-- Data for the task follows --

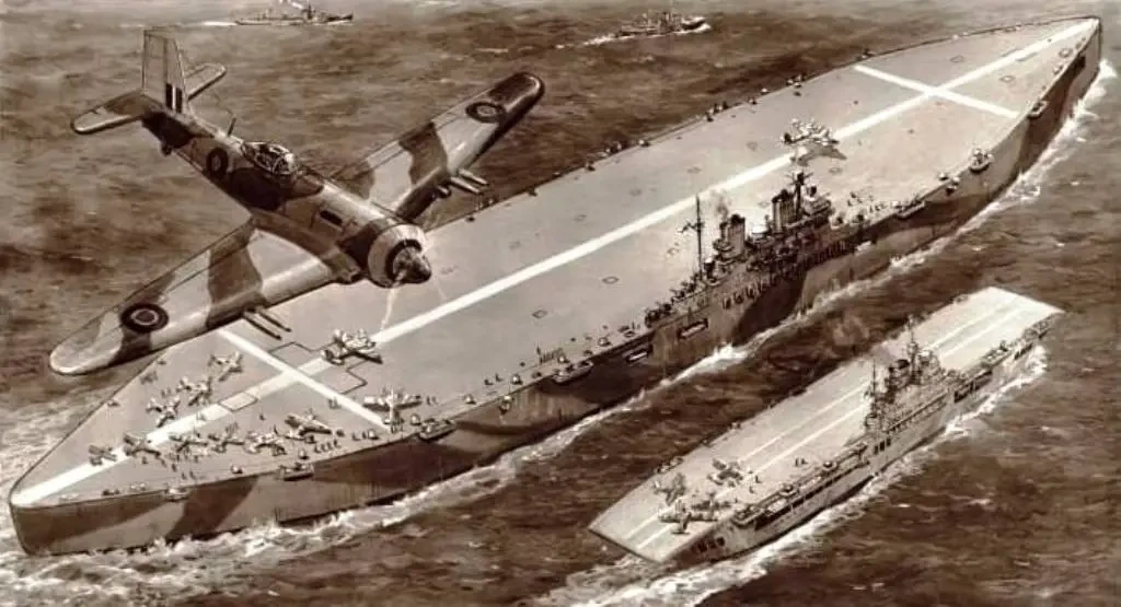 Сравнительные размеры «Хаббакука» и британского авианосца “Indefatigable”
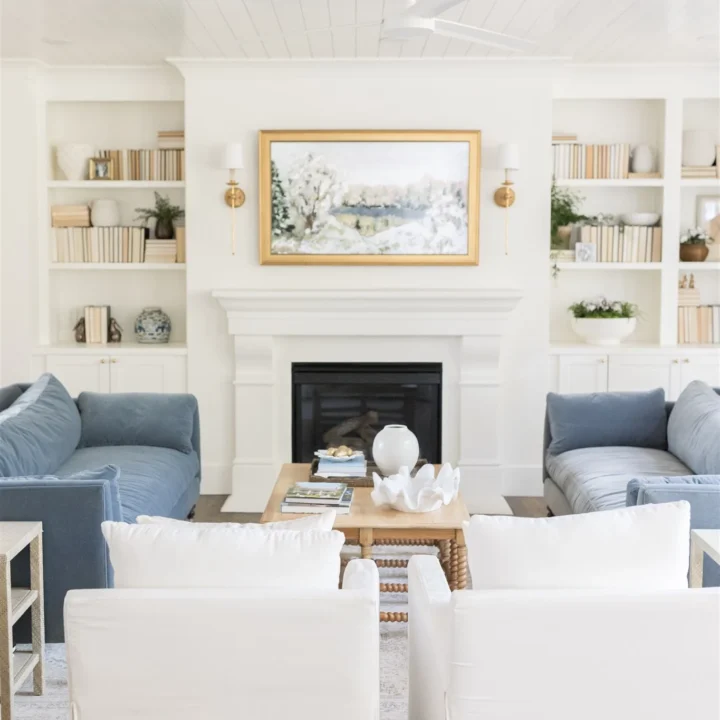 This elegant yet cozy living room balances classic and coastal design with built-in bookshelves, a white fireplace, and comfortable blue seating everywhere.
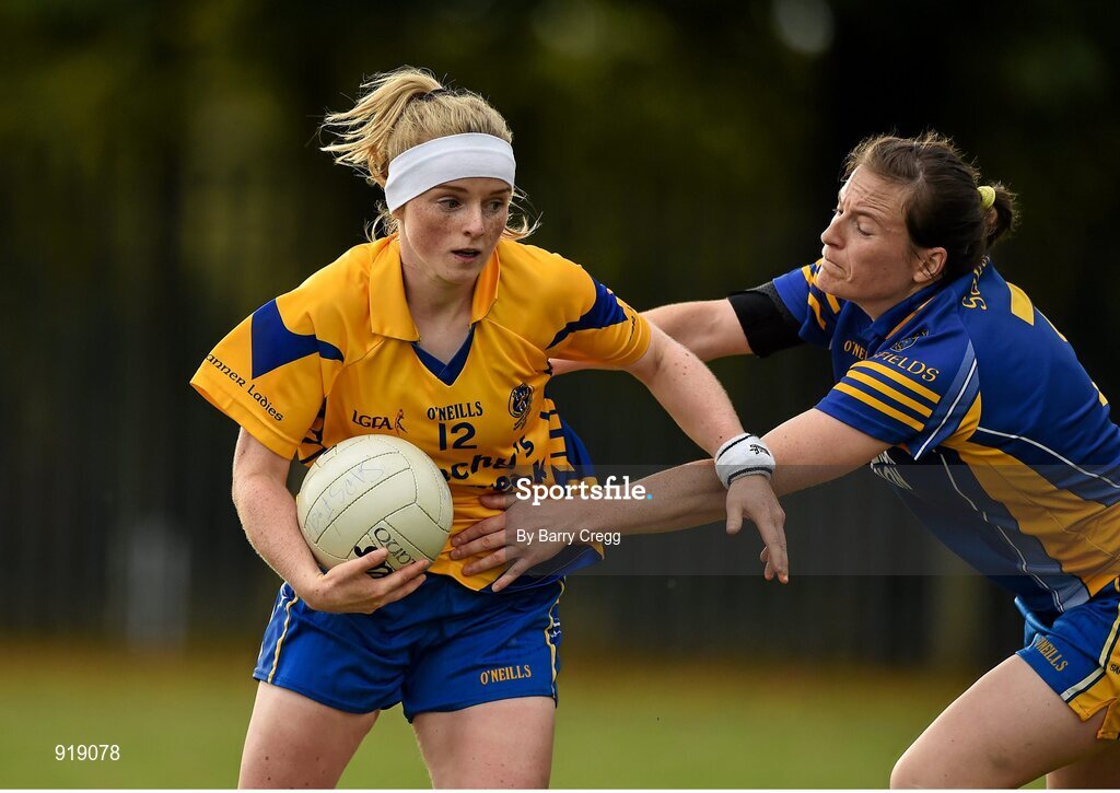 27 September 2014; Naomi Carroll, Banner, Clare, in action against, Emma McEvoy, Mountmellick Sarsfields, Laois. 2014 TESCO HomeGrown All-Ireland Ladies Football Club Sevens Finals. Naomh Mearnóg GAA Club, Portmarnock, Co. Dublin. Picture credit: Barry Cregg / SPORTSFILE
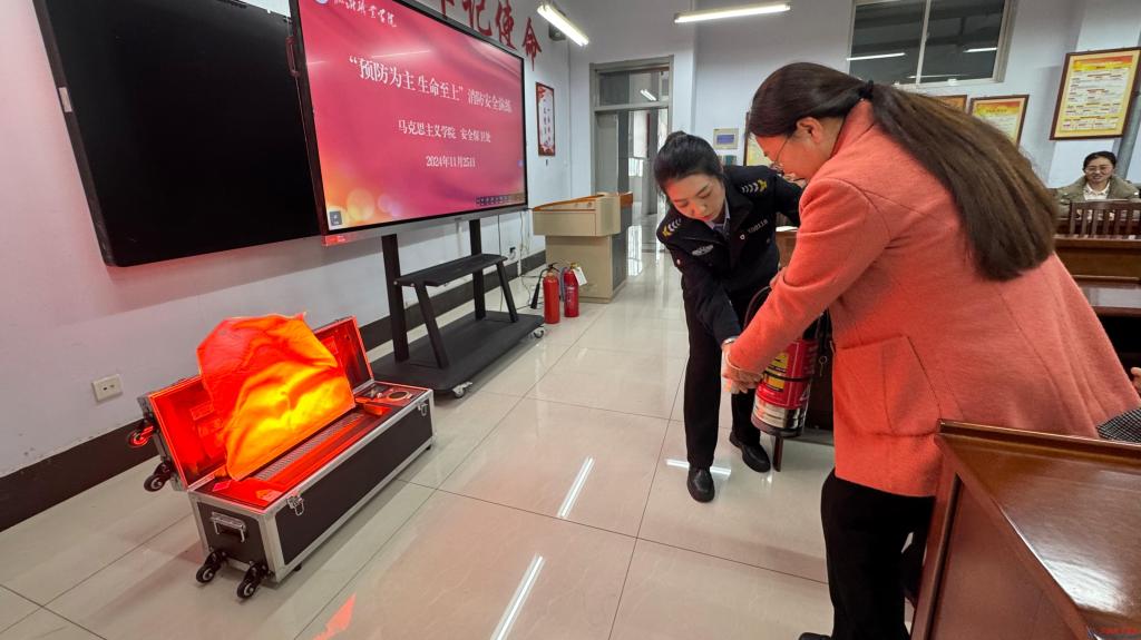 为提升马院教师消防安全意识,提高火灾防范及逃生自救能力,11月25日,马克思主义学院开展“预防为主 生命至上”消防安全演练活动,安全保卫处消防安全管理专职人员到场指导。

-- Data for the task concluded --
-- Data for the task follows --

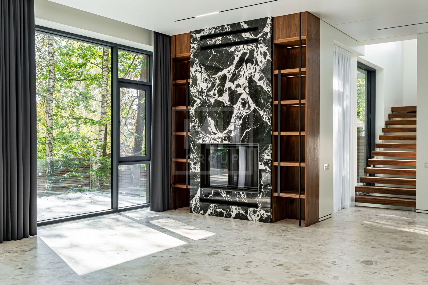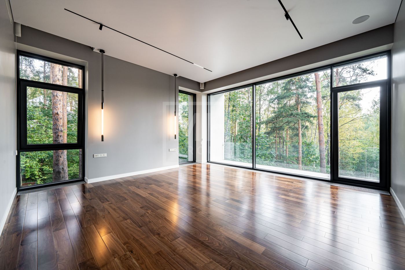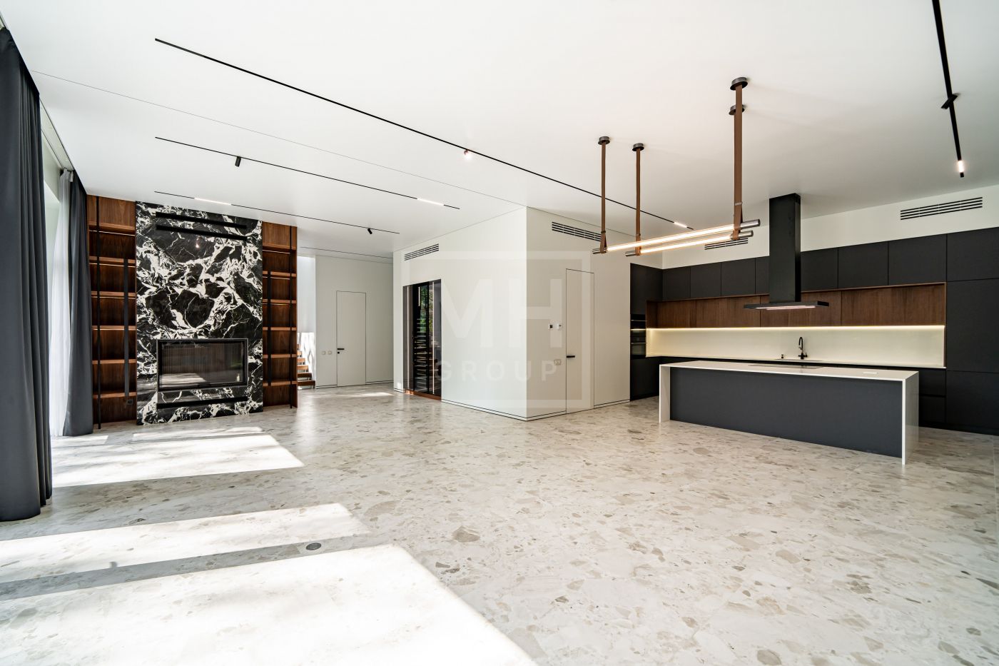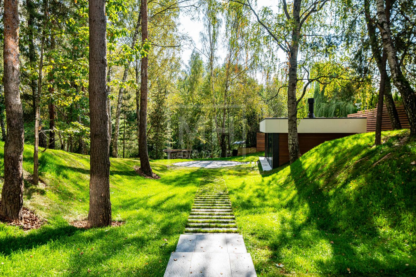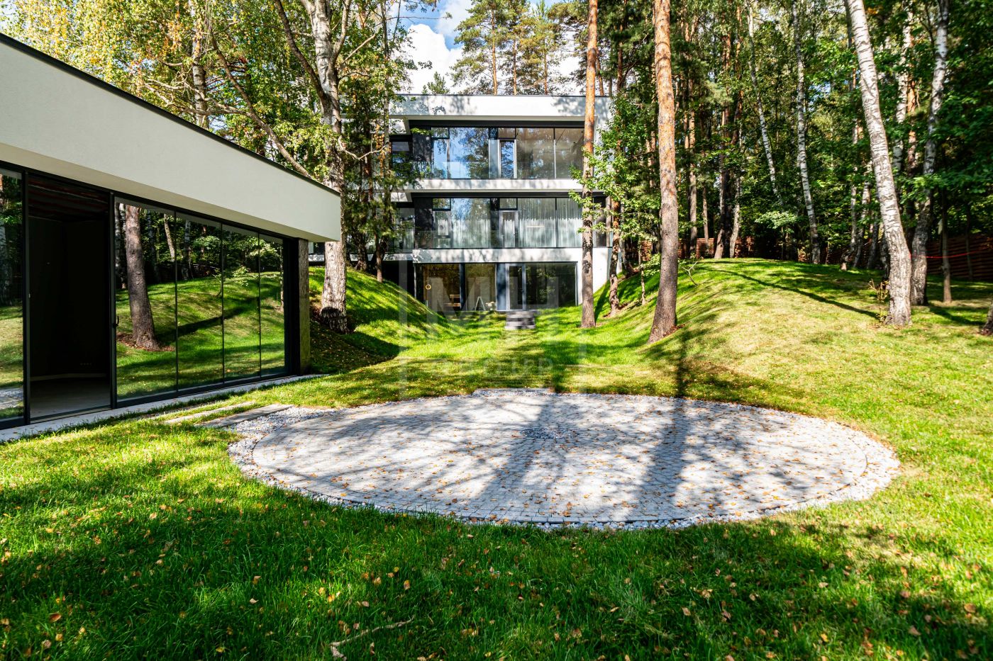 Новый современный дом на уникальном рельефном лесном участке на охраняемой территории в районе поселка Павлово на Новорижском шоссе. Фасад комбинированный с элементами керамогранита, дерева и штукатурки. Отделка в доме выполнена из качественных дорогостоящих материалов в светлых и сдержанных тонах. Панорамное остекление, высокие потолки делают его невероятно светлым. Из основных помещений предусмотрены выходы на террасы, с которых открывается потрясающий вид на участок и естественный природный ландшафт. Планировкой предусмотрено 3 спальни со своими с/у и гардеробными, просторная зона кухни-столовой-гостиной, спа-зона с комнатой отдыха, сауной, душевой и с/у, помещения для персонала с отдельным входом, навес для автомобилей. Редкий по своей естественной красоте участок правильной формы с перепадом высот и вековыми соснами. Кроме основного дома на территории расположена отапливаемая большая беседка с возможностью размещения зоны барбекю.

-- Data for the task concluded --

Try it
In the records above, everything from the line with "и британского авианосца" down to the line with "为提升马院教师消防安全意识,提高火灾防范" must be duplicated exactly, both lines kept. Leave no pictures in.

Written solution
 Сравнительные размеры «Хаббакука» и британского авианосца “Indefatigable”
 This elegant yet cozy living room balances classic and coastal design with built-in bookshelves, a white fireplace, and comfortable blue seating everywhere.
 27 September 2014; Naomi Carroll, Banner, Clare, in action against, Emma McEvoy, Mountmellick Sarsfields, Laois. 2014 TESCO HomeGrown All-Ireland Ladies Football Club Sevens Finals. Naomh Mearnóg GAA Club, Portmarnock, Co. Dublin. Picture credit: Barry Cregg / SPORTSFILE
 为提升马院教师消防安全意识,提高火灾防范及逃生自救能力,11月25日,马克思主义学院开展“预防为主 生命至上”消防安全演练活动,安全保卫处消防安全管理专职人员到场指导。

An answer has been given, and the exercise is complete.